As shown in FIG. 1 , the remote microphone device 6 is positioned near to a person 7 who is speaking and thus acts as a sound source within the sound scene. The sound scene also includes other sound sources (not shown in FIG. 1 ). The remote microphone device 6 is affixed to the clothing of the person 7 (e.g. as a discreet lavalier-type microphone) such that it remains near to the person 7 even if they move around.
As mentioned above, the microphone array 10 of the base unit 4 is arranged to capture sound arriving from any direction. The microphone array 10 thus captures sound from the person 7 along with other sound sources in the sound scene.
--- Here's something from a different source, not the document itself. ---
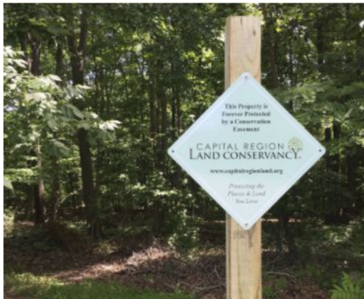
PeggyLester76 [CC BY-SA]

From the sound captured by the microphone array 10, the processor 18 produces a spatially-encoded sound field signal comprising a plurality of components (e.g. a plurality of Ambisonics A-format or B-format signals) including sound from all the sound sources in the scene.
However, due to the distance between the microphone array 10 and the person 7 and the consequently reduced signal-to-noise ratio, the sound quality with which speech from the person 7 is captured by the microphone array 10 may be poor.
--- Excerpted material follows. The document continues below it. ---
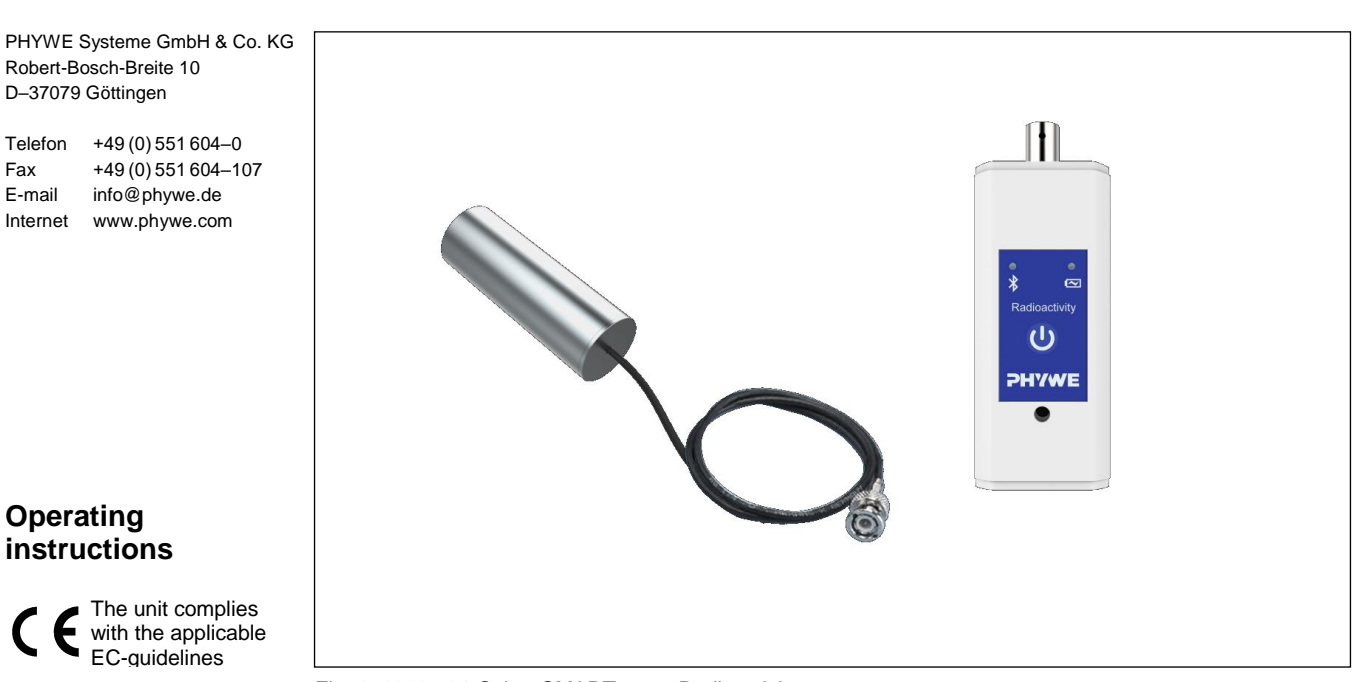
Fig. 1: 12937-01 Cobra SMARTsense Radioactivity

The remote microphone device 6 captures a remote audio signal with the microphone 26 and stores the remote audio signal to the associated storage portion 28. As mentioned above, the remote microphone device 6 is positioned close to the person 7, the remote audio signal is thus dominated by sound from the first person 7 and a high signal-to-noise ratio can be achieved. The speech from the person 7 may therefore be captured with high quality by the remote microphone device 6. The remote microphone device 6 stores the remote audio signal to the associated storage portion 28 without any compression (i.e. in as high a quality as possible).
During audio capture, the sound capture apparatus 2 is arranged to facilitate real-time monitoring of the recording by a user with the monitoring device 8. This may enable the user to monitor conveniently many aspects of the recording without needing to wait for the stored remote audio signal to be retrieved from the associated storage portion 28. This may enable errors in set up (e.g. a microphone positioned incorrectly) to be identified sooner as well as enabling features such as audio signal levels or the actual audio content of the recording to be monitored conveniently in real-time.
To facilitate real-time monitoring, the remote microphone device 6 is arranged to transmit in real-time (or near real-time) a compressed version of the remote audio signal from the RF transceiver 34 of the remote microphone device to the RF transceiver 20 of the base unit 4 (as well as storing the original uncompressed version to the associated storage portion 28). The remote microphone device 6, may also transmit additional information that may be useful for monitoring purposes to the base unit 4, such as remaining battery life of the battery 36 or available storage space in the associated storage portion 28.
Using a process similar to that described in more detail below in relation to the stored remote audio signal, the processor 18 of the base unit 4 determines the current position of the remote microphone device 6 by comparing the received compressed version of the remote audio signal to the plurality of components of the spatially-encoded sound field signal. Whilst the compressed version of the remote audio signal has a lower bit rate (i.e. lower quality) than the original (that is stored in the associated storage portion 28), an estimate of the position can still be determined that may still be sufficiently accurate for monitoring purposes. The processor 18 also generates in real-time a spatially encoded soundtrack using the compressed version of the remote audio signal.
The compressed version of the remote audio signal, the determined position, the spatially encoded soundtrack and any additional information received from the remote microphone device 6 are then transmitted to the monitoring device 8 (e.g. via an unillustrated wireless network). The monitoring device 8 may then output information useful for monitoring purposes to a user.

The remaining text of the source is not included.